Social mobility—the movement of individuals between social groups between generations or across the lifetime—is a subject that has fascinated the minds of scholars and the common people. Commentators of the past believed strongly that people can elevate themselves from humble beginnings to the upper echelons of society through sheer efforts. Smiles (Reference Smiles1863) expounded the prospect of social advancement in nineteenth-century Britain in his work Self-Help, a book central to the ideology of Victorian liberalism. Across the Atlantic, Adams (Reference Adams1931) in The Epic of America coined the pursuit of upward mobility as the “American Dream,” a timeless expression of aspiration and optimism that is still spoken of enthusiastically to the present day.

Were Victorian liberals right to extol nineteenth-century English society as one of openness and low barriers? Or were opportunities few and far between? Using a newly constructed and improved set of linked data featuring between 67,000 and 160,000 father-son pairs from the full-count England and Wales decennial censuses, this paper estimates the intergenerational elasticity (IGE) of occupational status in England between 1851 and 1911, following the Becker-Tomes model of inter-generational transmission of human capital (Becker and Tomes Reference Becker and Tomes1986). The results show that, contrary to the findings of some earlier works, social mobility was rather limited during the Victorian (and Edwardian) era. Measurement error causes significant attenuation bias to estimates of social mobility; correcting for it could raise the IGE obtained from 0.4 to 0.6–0.7, or as much as 64 percent.

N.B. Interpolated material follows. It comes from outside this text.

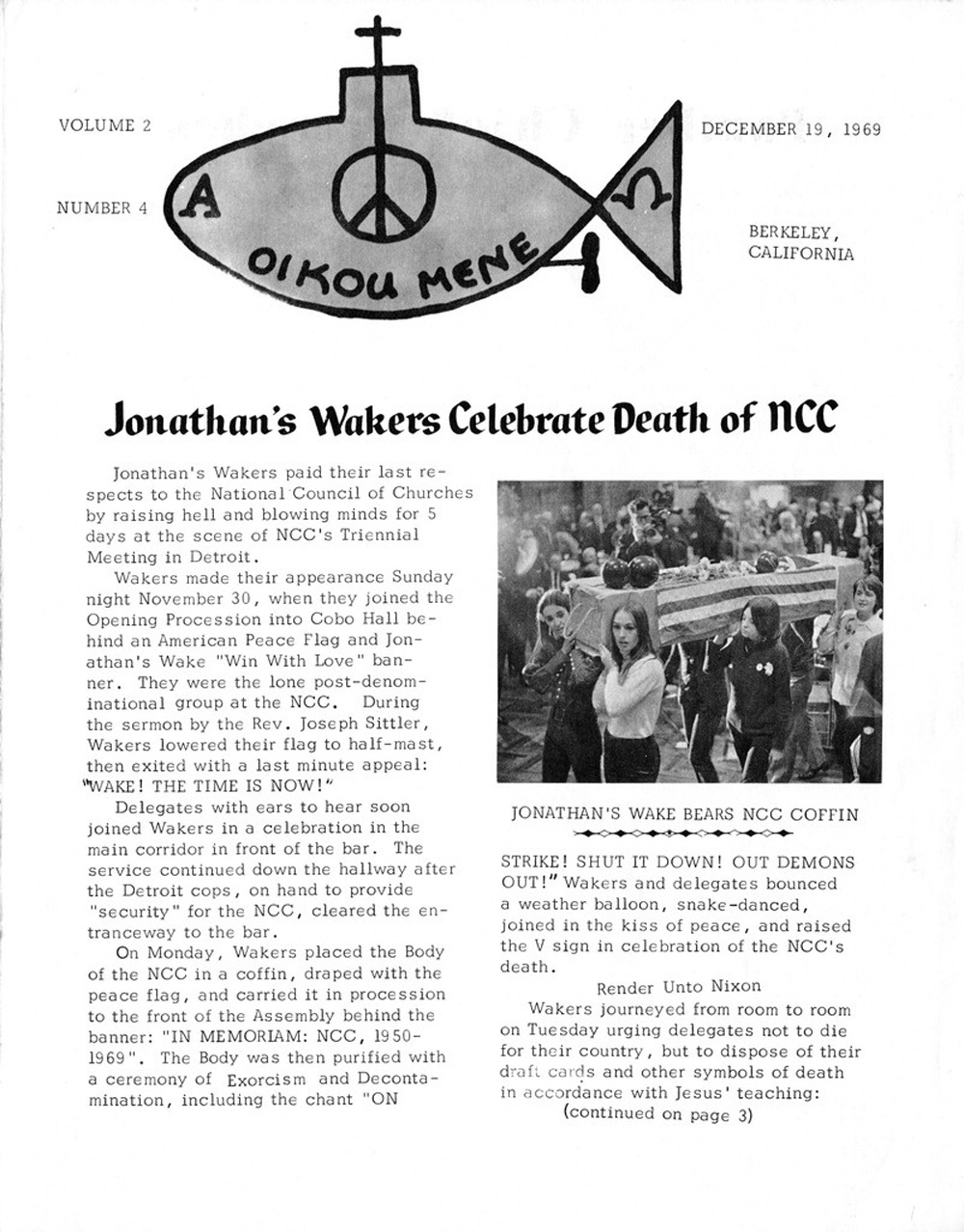 1970The New York Times reports on "submarine churches" inspired by the Beatles' "Yellow Submarine." Their logos are variations of a submarine with the periscope forming a peace sign.

This paper thus extends the existing literature on Victorian social mobility. Most previous studies have relied on marriage registers (Miles Reference Miles, Miles and Vincent1993, Reference Miles1999; Mitch Reference Mitch, Miles and Vincent1993, Reference Mitch2005) or surname-based measures (Clark and Cummins Reference Clark and Cummins2015). Long (Reference Long2013) was the first to estimate rates of social mobility using linked census data for England.1 However, the surprisingly high rate of mobility he found may not be a true reflection of the state of nineteenth-century English society. Ward’s (2023) research on historical mobility in the United States highlights the issue of measurement error in mobility studies. In addition, there are limitations, not least in terms of Long’s (2013) sample size, in his use of a 2 percent sample of the 1851 census, while questions remain about false positives in census linking causing significant attenuation bias, which could lead us to conclude that mobility was far greater than what it was in reality (Bailey et al. Reference Bailey, Cole, Henderson and Massey2020; Anbinder et al. Reference Anbinder, Connor, Gráda and Wegge2021). Such concerns are addressed in this paper.

Although this is not the first time English historical mobility has been estimated, this paper makes three important contributions to the literature. First, it provides revised intergenerational elasticities of occupational status for Victorian and Edwardian England after accounting for classical measurement error.2 Such errors arise because occupations in historical censuses are measured with noise (in the form of data errors or transitory shocks); this leads to attenuation bias in the IGE estimated and an over-estimation of the extent of social mobility. Second, it constructs a high-quality linked sample using the Integrated Census Microdata (I-CeM) complete-count census data, which greatly expands the number of observations that were previously available to Long (Reference Long2013). Finally, it devises a new method for estimating the rate of, and consequently correcting for (at least partially), false positives in census linking without the prerequisite of possessing a highly reliable, hand-linked reference dataset.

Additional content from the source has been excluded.